Tutor LMS v3.9.8: An Important Security Update You Shouldn’t Skip

Running an eLearning site means handling a lot of moving parts. There are thousands of students, courses, instructors, payments, and content that are all connected.

That also means security needs to be taken seriously at every level.

With Tutor LMS v3.9.8, the goal is simple: tighten the existing security, update the weak points, and make the overall plugin safer in areas that matter most.

While most Tutor LMS updates focus on new features, this update is about the “armor”—the invisible layers of code that keep your student data, eCommerce data, and course content safer from security vulnerabilities.

Let’s have a quick look at the changelog of Tutor LMS v3.9.8.

Changelog of Tutor LMS v3.9.8

• Update: Added proper authorization check while updating the lessons.
• Update: Strengthen SQL queries across multiple deletion and update operations.
• Update: Improved security in quiz attempts search by preventing SQL injection.
• Fix: Fixed private course enrollment via AJAX without proper validation.
• Fix: Resolved the billing profile overwrite issue in Tutor LMS native eCommerce.
• Fix: Replaced wp_remote_get with wp_safe_remote_get for safer course import with media files.

Detailed Security Improvements in v3.9.8

Now it’s time to get a deep dive into all the security improvements in Tutor LMS v3.9.8.

1. Updating Lessons inside a Topic

Sorting lessons is a common task for instructors. But earlier, the AJAX handler responsible for updating the lessons under a specific topic couldn’t be properly authorized.  That meant any logged-in user could call the endpoint directly to reorder, add, or remove lessons. 

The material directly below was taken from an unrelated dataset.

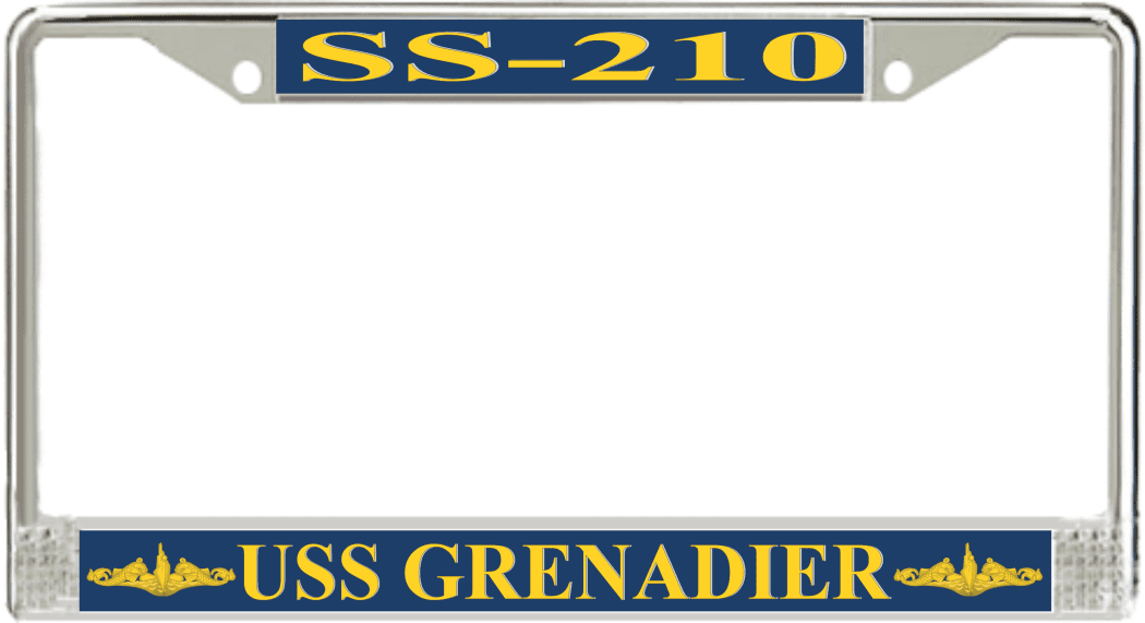 USS Grenadier SS-210 License Plate Frame This USS Grenadier SS-210 License Plate Frame is proudly made in the USA at our facilities in Scottsboro, Alabama. Each Frame features top and bottom sublimated design strips that are poly coated for a protective gloss finish. Please check your state and local regulations for compatibility of these frames for use on your vehicle.

But we’ve resolved this issue in Tutor LMS v3.9.8. Now:

• Every lesson modification request will be checked against user permissions.
• Only users with the right access can make changes to the topics and lessons. 

This keeps the course structure safe from unwanted edits.

2. Private Course Enrollment Protection

Private courses are meant to stay restricted. But the underlying AJAX enrollment call did not verify whether a course was marked private before processing the request. It allows anyone to enroll in courses that should have been completely off-limits.

This has now been fixed in this security update. We’ve added a robust authorization logic that now validates course access rules before allowing enrollment. So you can say that the private courses are just more private now!

3. Billing Profile Protection in Native eCommerce

Users’ billing information is extremely sensitive and should always be protected. But, a missing authorization check in the Tutor LMS Native eCommerce allowed the users to overwrite billing profiles in some cases without verifying that the profile being updated belongs to the requesting user.

However, we’ve now added user-specific capability and ownership checks to ensure users can only update their own billing information. It makes the native eCommerce more secure than ever.

4. Preventing SQL Injection

A significant portion of this release focuses on updating the raw, unparameterized SQL queries with properly prepared statements throughout the whole plugin.

This change has been applied across multiple areas, including:

• Quiz attempts search
• Course, quiz, and assignment deletion
• Quiz Builder and Content Bank data handling
• Q&A, reviews, comments, and ratings removal
• Enrollment status updates
• Email cron job cleanup
• Full data removal when Tutor LMS is uninstalled 

These are low-visibility operations that often go unexamined in security audits precisely because they are infrequently triggered in normal use. Hardening them now removes a category of security vulnerability.

5. Safer Course Import with Media Files

When importing courses that include external media files, Tutor LMS previously used the wp_remote_get() function to fetch remote resources. Now, we have switched to the more secure wp_safe_remote_get() function. This adds additional validation against redirects to internal/localhost addresses and other potential Server-Side Request Forgery (SSRF) risks. It also makes the course importing process significantly safer, especially on sites that allow instructors to import courses from external sources.

Recommendations for Maximum Security

• Keep Tutor LMS, WordPress core, and all plugins/themes updated to the latest version 
• Use strong, unique passwords and enable two-factor authentication (2FA)
• Regularly review user roles and permissions to prevent unauthorized access
• Monitor site logs for suspicious activity and unusual login attempts
• Limit the number of admin accounts and assign roles carefully
• Backup your site regularly and store backups securely offsite, etc.

Our Commitment to Security

This release is part of our ongoing effort to make Tutor LMS the most secure LMS plugin for WordPress. We regularly audit code, respond quickly to security vulnerabilities, and implement best practices like proper capability checks, prepared statements, and safe remote requests.

Final Thoughts

We deeply appreciate the trust you place in Tutor LMS every day. This security-focused release is part of our continuous effort to make Tutor LMS the safest LMS plugin on WordPress.

A big thank you to the security researchers and community members who help us identify and responsibly resolve issues. Together, we are making Tutor LMS stronger.

Update to Tutor LMS v3.9.8 now and protect your courses, students, and eCommerce data from potential security vulnerabilities.